[What to work on]:
Your response to the data below should hold nothing except the lines from the one containing "Funda de Cuero" down to the one containing "(a) Wooden facade", reproduced exactly and without pictures.

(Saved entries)
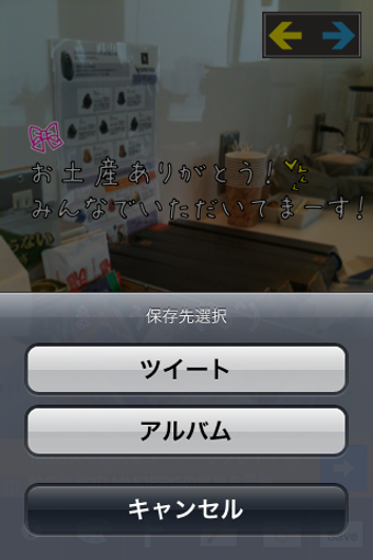 TypoBoxを起動するとコルクボード画面が現れますので、下の写真アイコンをタップして画像を選択します。写真を選んだらペンのアイコンでテキストを入力します。テキストの色を変えたい場合はパレットのアイコンを、フォントを変更したい場合はFのアイコンをクリックします。ピンチ操作で文字サイズの拡大や縮小ができますし、位置はスワイプで変更できます。Saveをクリックすると、アルバム保存かツイッター投稿が選べます。
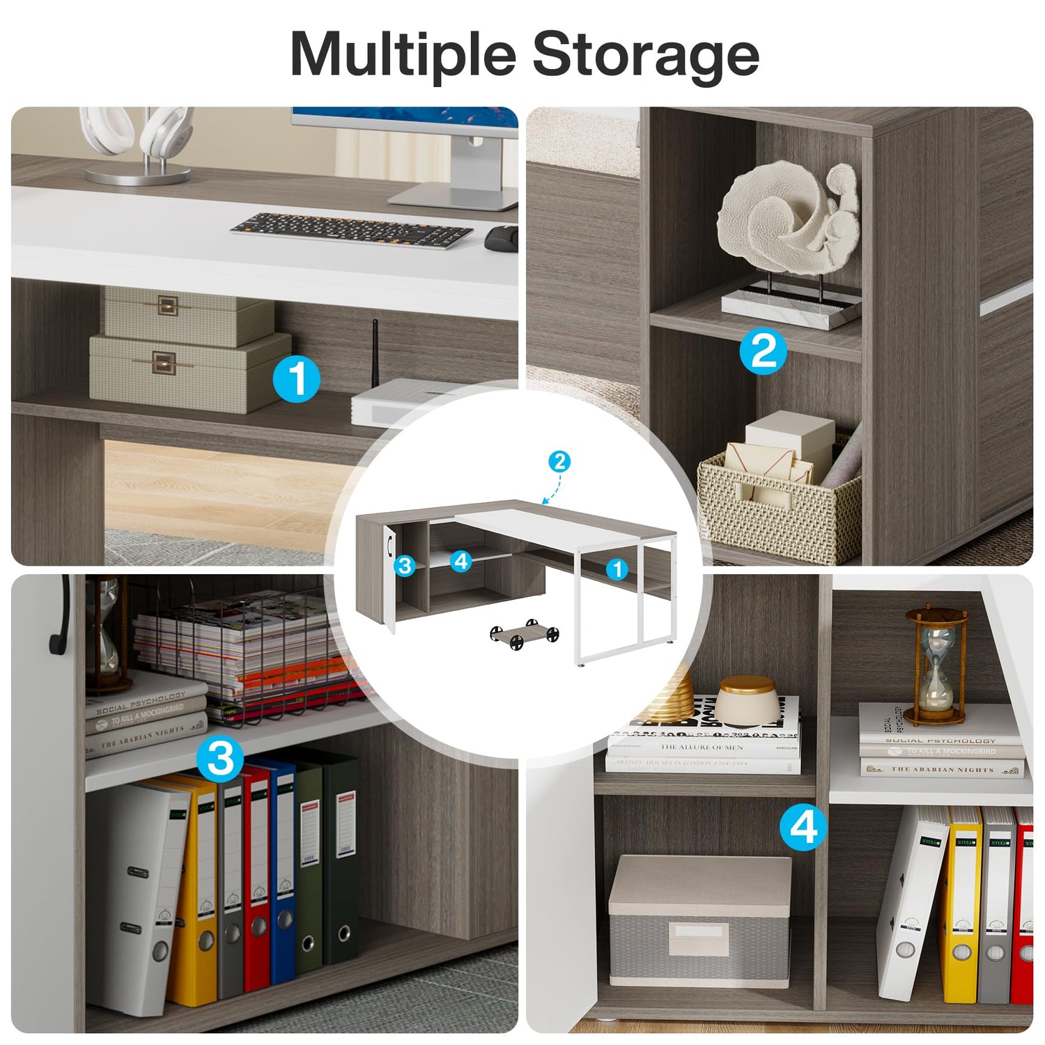 Tribesigns 71 inch Executive Desk, L Shaped Desk with Cabinet Storage, Executive Office Desk with Shelves, Business Furniture Set Workstation for Home Office, Gray and White
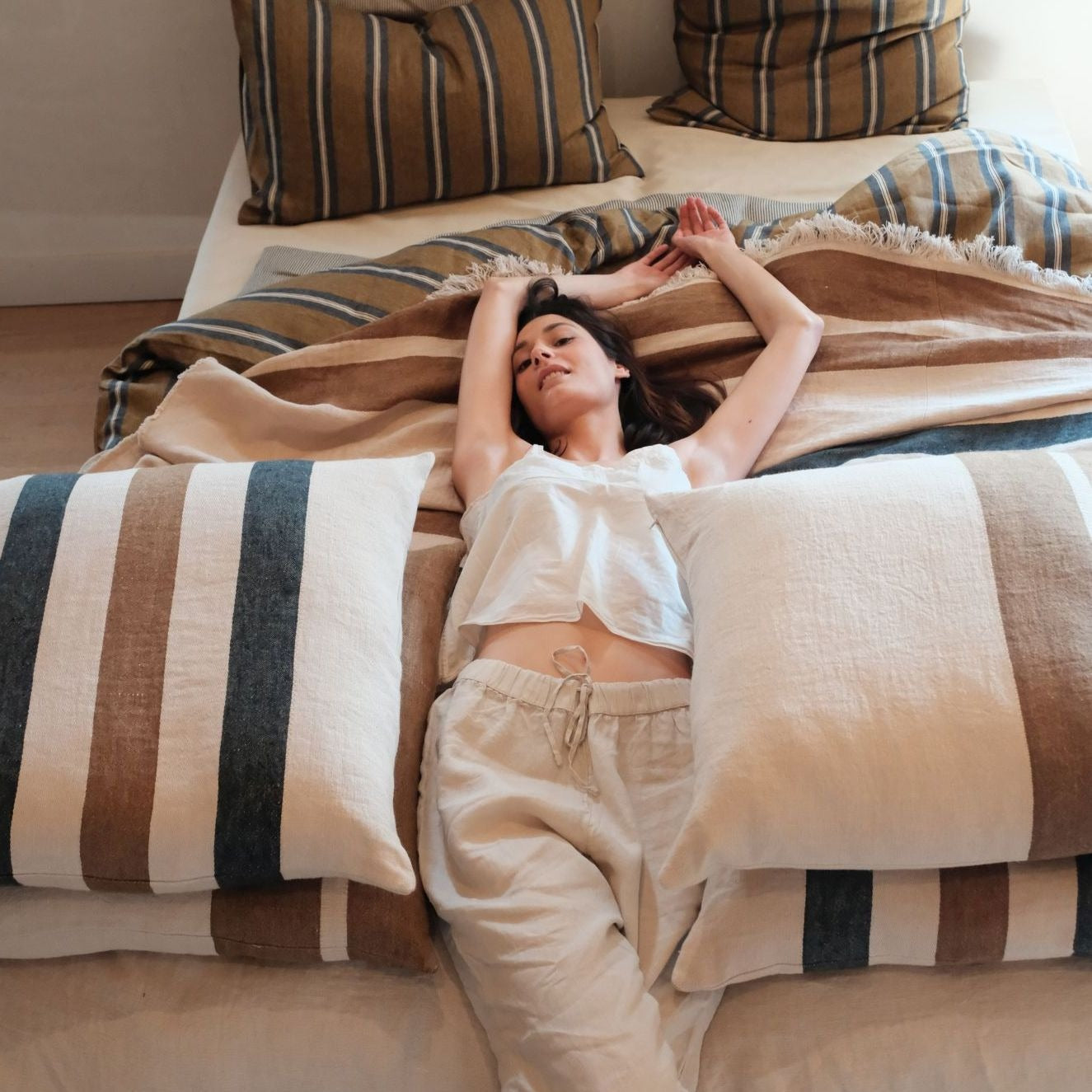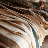 Geef je interieur een verfijnde en rustgevende uitstraling met de Julian linnen sierdeken! Deze 100% linnen deken met een gewassen afwerking voelt heerlijk zacht aan en heeft een lichte, nonchalante look. Het stijlvolle streeppatroon in warme zand-, grijsblauw- streeppatroon op een dusty off-white achtergrond geeft een tijdloze en natuurlijke touch die moeiteloos in elk interieur past.
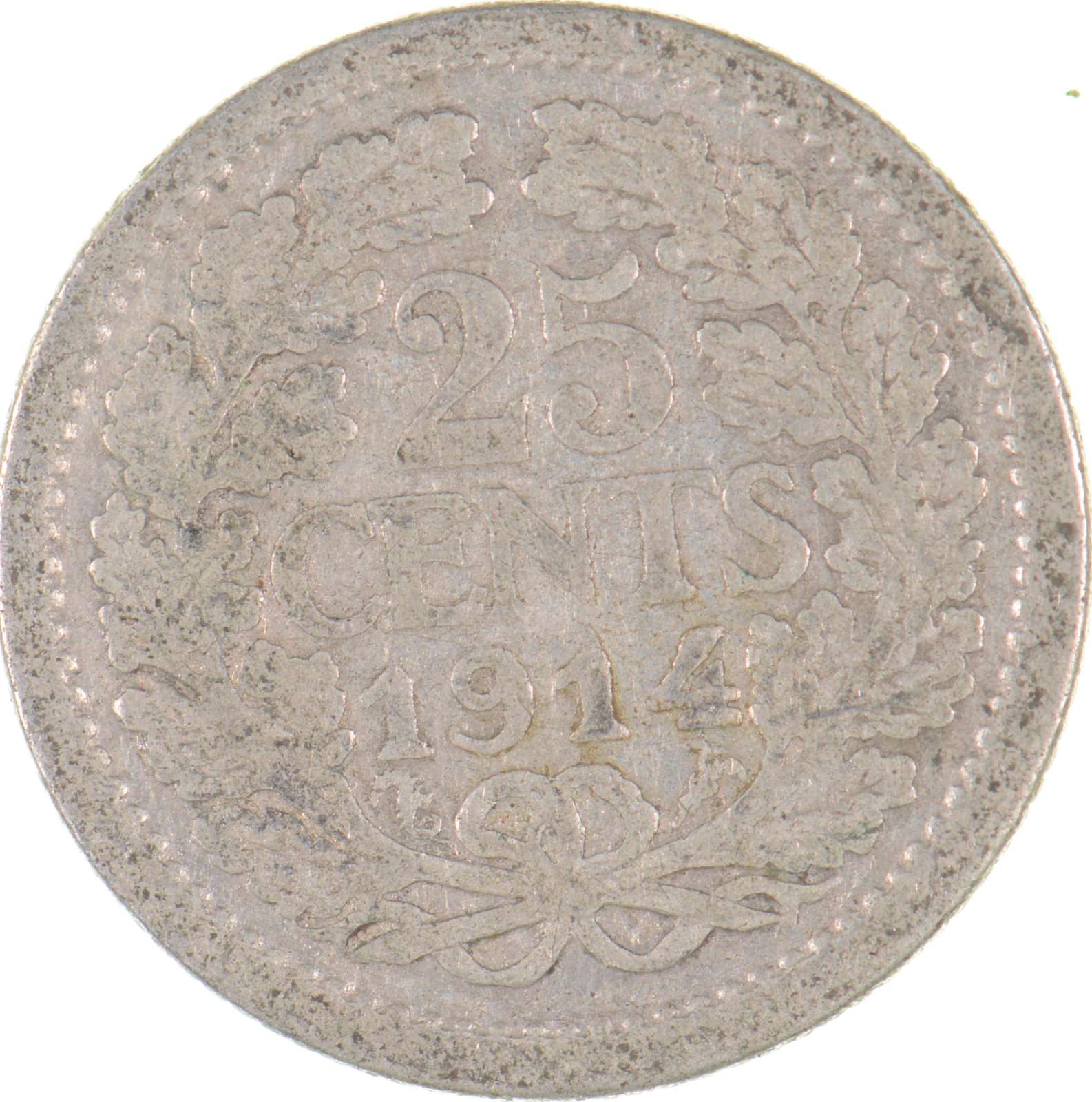 SILVER - Roughly the Size of a Dime - 1914 Netherlands 25 Cents - World Silver Coin
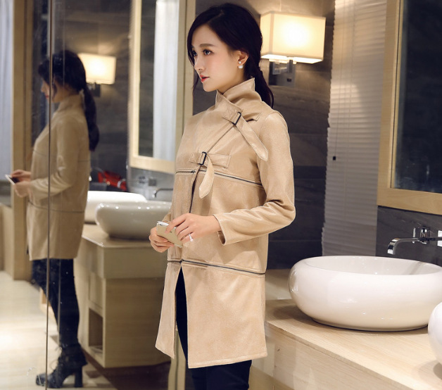 秋冬女裝新款歐美大牌拼接風衣鹿皮絨中長款外套長短兩穿 /
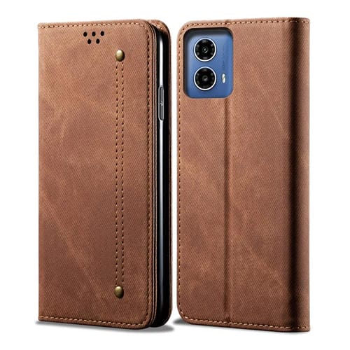 Funda de Cuero con Tapa y Textura Vaquera para Motorola Moto G35 (Marrón)
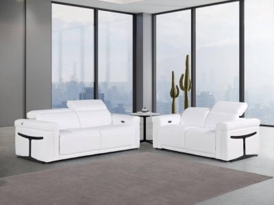 Divantalia Tustin Modern White Italian Recliner Leather Sofa Set
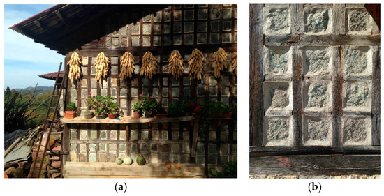 (a) Wooden facade with stone as filling material (Photographed by Ömer Faruk Bayram); (b) Relation of wood and stone in detail (Photographed by Ömer Faruk Bayram).
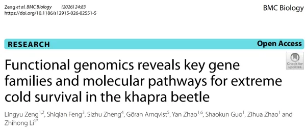 近日,农林生物安全全国重点实验室、农业农村部植物检疫性有害生物监测防控重点实验室、中国农业大学植物保护学院李志红教授团队在国际学术期刊《BMC biology》发表了题为“Functional genomics reveals key gene families and molecular pathways for extreme cold survival in the khapra beetle”的研究论文,揭示了谷斑皮蠹(Trogoderma granarium Everts)应对低温胁迫的关键基因家族与生存分子机制。

[Task output]:
 Funda de Cuero con Tapa y Textura Vaquera para Motorola Moto G35 (Marrón)
 Divantalia Tustin Modern White Italian Recliner Leather Sofa Set
 (a) Wooden facade with stone as filling material (Photographed by Ömer Faruk Bayram); (b) Relation of wood and stone in detail (Photographed by Ömer Faruk Bayram).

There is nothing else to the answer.